My bedroom looks like a crime scene. Water everywhere, at least three inches deep in places. The carpet is making sounds that it shouldn’t make. And the ceiling has a dark stain spreading across it like a bruise, yellow at the edges, growing bigger as I watch.
"Mold," I say flatly. "Well," I announce to the flooded bedroom, "that's some middle-of-the-night psychological revelation I didn’t sign up for. Thanks, universe. Really needed that on top of the plumbing disaster."
I need professional help. The plumbing kind, not the therapy kind, although let's be honest, I probably need both.
My phone is on the nightstand, somehow still dry, like it's the only object in this room that has its life together.
I could call a 24-hour emergency plumber. Except it's four in the morning and this is Largo Waters, not New York City. The most exciting thing that happens here on weekends is the farmers market.
I could wait until morning. Except the ceiling is actively turning colors and every minute I wait is another minute for mold to throw a party in my walls.
Or.
I could call Carlos.
My thumb hovers over his name. Negrorio Carpentry.

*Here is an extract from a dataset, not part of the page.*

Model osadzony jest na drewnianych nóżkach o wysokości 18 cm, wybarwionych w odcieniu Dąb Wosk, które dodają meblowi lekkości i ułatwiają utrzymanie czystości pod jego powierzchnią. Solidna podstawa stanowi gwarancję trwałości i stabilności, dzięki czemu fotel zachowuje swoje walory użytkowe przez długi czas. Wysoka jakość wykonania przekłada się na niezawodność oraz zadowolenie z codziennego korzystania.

"This is a terrible idea," I tell my phone.
My phone, wisely, keeps its opinions to itself.
"He's going to think I'm insane. Calling him at four AM about a pipe. After I literally ran away from him on Sunday. This is going to be so awkward."

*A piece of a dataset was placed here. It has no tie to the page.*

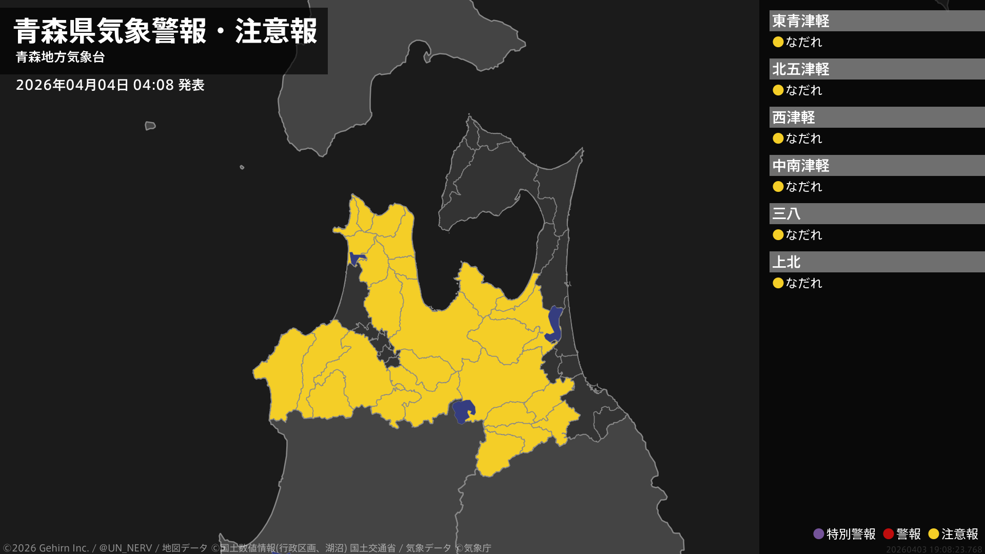 【青森県 気象警報・注意報 2026年04月04日 04:08】津軽、三八上北では、ここしばらくなだれに注意してください。#気象警報注意報 #青森県

My ceiling makes an ominous creaking sound.
"Okay, we're doing this. But if this goes badly, I'm blaming you." I glare at the ceiling. "This is your fault for having a structural crisis at an unreasonable hour."
I hit call before I can change my mind.
It rings. Once. Twice. Three times.
I'm about to hang up because this was stupid, what was I thinking, I'll just figure it out myself somehow, when a sleep-rough voice answers.
"'Lo?"
Oh God. His voice.
Deep and gravelly with sleep, slightly confused, and I can picture him in bed. Hair a mess. Probably shirtless because he always ran hot. Fumbling for his phone in the dark with those carpenter hands.
My mouth goes dry. My omega perks up with interest.
Not helpful, I tell it. We're having a crisis.